RECORD SET:
---+---

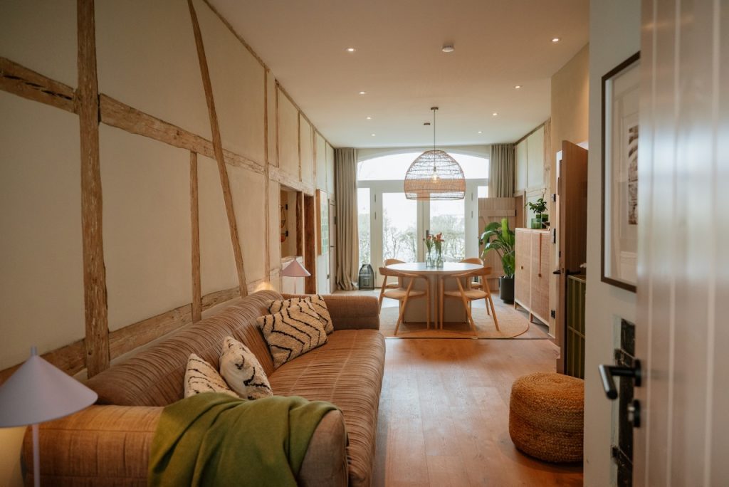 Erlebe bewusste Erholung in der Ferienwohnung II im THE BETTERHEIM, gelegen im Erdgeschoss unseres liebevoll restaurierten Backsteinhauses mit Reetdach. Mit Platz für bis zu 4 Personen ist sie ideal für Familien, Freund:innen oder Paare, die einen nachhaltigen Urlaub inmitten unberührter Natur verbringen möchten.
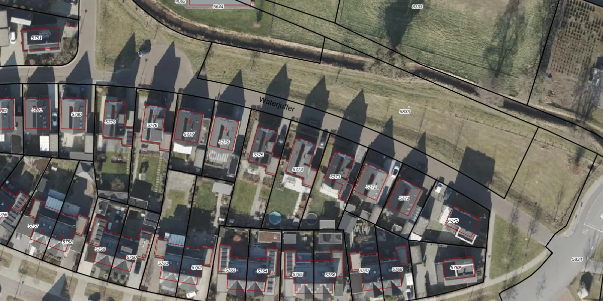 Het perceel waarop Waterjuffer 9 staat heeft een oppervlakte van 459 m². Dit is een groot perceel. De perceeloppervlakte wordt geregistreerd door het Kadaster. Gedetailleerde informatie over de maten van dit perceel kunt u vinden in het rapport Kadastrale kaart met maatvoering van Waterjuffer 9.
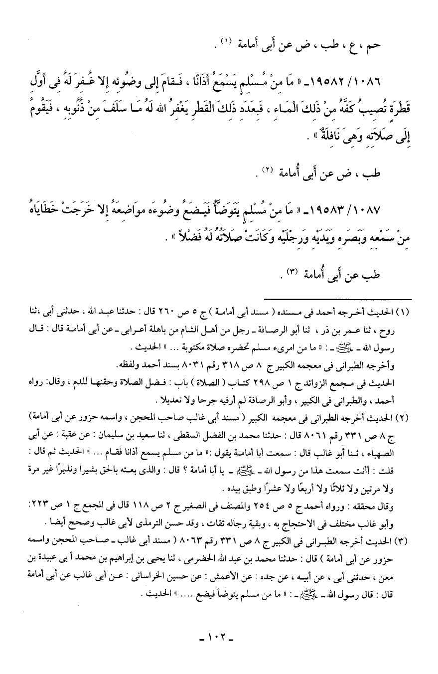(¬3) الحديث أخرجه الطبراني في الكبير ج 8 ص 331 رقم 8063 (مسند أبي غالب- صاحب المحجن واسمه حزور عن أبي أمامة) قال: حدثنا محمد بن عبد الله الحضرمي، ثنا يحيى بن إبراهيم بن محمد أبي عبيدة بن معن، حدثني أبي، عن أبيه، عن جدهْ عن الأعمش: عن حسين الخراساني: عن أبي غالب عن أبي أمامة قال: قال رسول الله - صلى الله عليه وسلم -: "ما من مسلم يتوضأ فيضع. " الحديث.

---+---

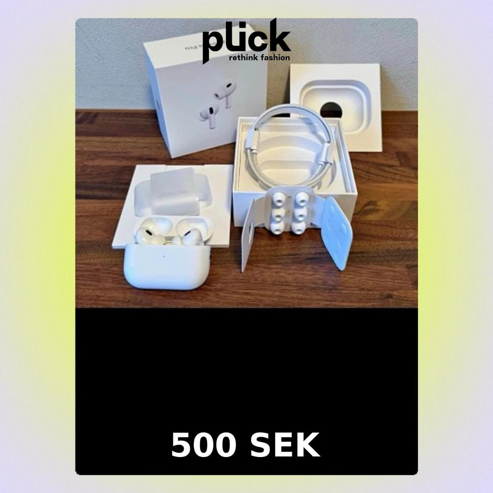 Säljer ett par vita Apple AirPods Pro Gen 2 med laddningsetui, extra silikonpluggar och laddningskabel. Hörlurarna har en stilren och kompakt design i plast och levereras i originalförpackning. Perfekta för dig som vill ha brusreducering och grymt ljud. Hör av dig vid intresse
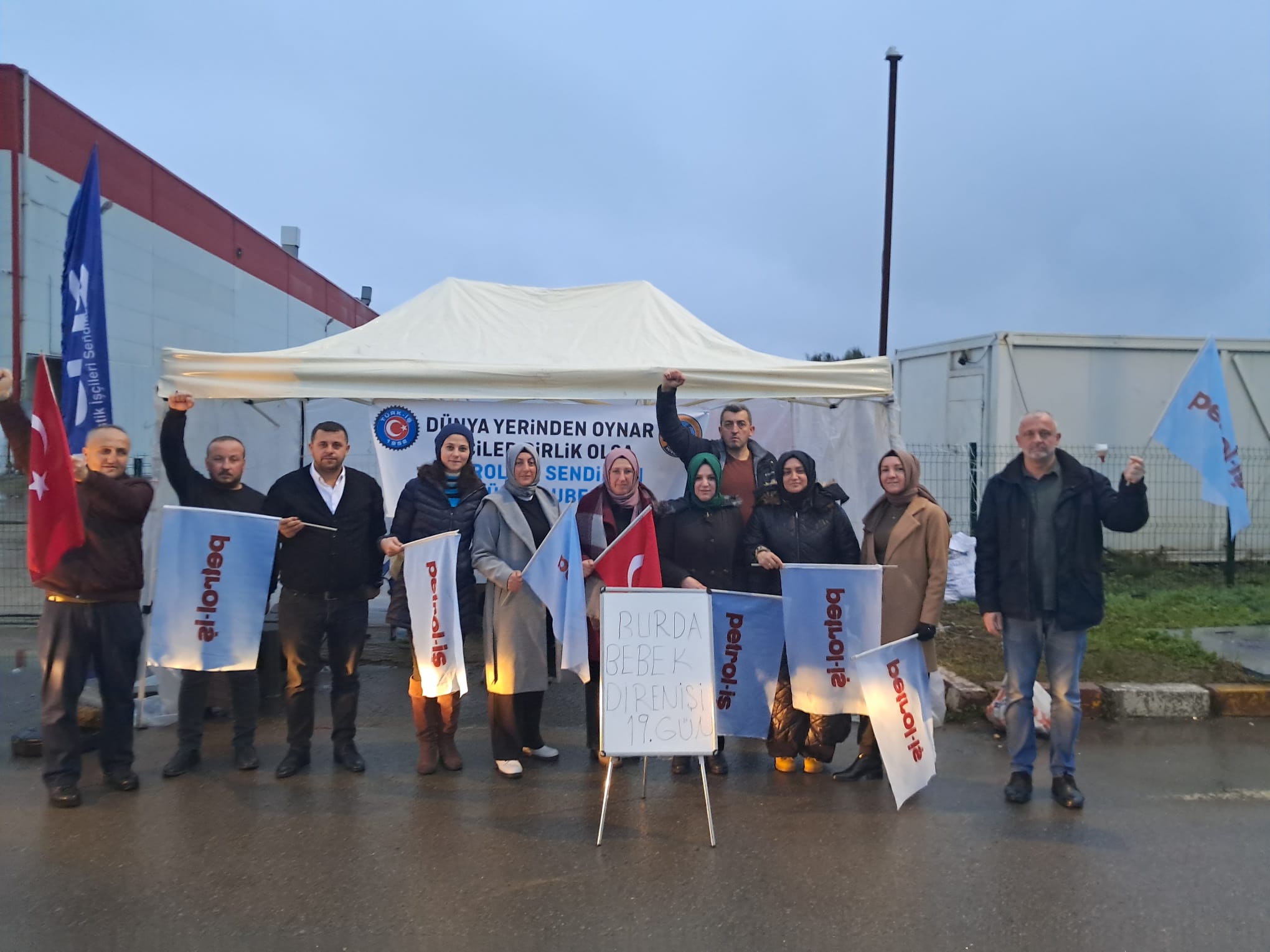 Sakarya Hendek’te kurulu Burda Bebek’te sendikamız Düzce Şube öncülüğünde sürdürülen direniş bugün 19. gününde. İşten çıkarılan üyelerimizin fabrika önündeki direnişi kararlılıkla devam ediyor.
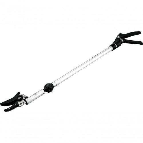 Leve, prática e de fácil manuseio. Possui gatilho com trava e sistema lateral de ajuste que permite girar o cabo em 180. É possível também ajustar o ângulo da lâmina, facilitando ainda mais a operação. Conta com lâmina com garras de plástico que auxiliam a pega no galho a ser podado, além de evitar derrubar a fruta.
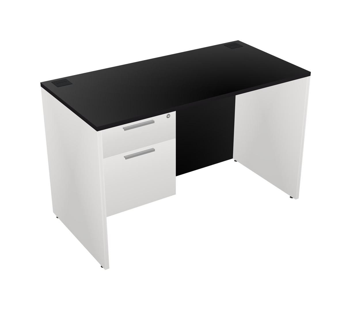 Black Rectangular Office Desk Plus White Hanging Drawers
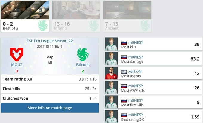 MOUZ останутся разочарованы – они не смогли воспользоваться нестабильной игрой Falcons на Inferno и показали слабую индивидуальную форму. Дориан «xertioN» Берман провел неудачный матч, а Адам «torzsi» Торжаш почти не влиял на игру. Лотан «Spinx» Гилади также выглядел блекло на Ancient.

---+---

EXERCISE AIM: Here the job is to copy the stretch of records from the line containing "Säljer ett par" through the line containing "Leve, prática e", word for word. Leave every picture out.

SOLUTION TO THE PROBLEM:
 Säljer ett par vita Apple AirPods Pro Gen 2 med laddningsetui, extra silikonpluggar och laddningskabel. Hörlurarna har en stilren och kompakt design i plast och levereras i originalförpackning. Perfekta för dig som vill ha brusreducering och grymt ljud. Hör av dig vid intresse
 Sakarya Hendek’te kurulu Burda Bebek’te sendikamız Düzce Şube öncülüğünde sürdürülen direniş bugün 19. gününde. İşten çıkarılan üyelerimizin fabrika önündeki direnişi kararlılıkla devam ediyor.
 Leve, prática e de fácil manuseio. Possui gatilho com trava e sistema lateral de ajuste que permite girar o cabo em 180. É possível também ajustar o ângulo da lâmina, facilitando ainda mais a operação. Conta com lâmina com garras de plástico que auxiliam a pega no galho a ser podado, além de evitar derrubar a fruta.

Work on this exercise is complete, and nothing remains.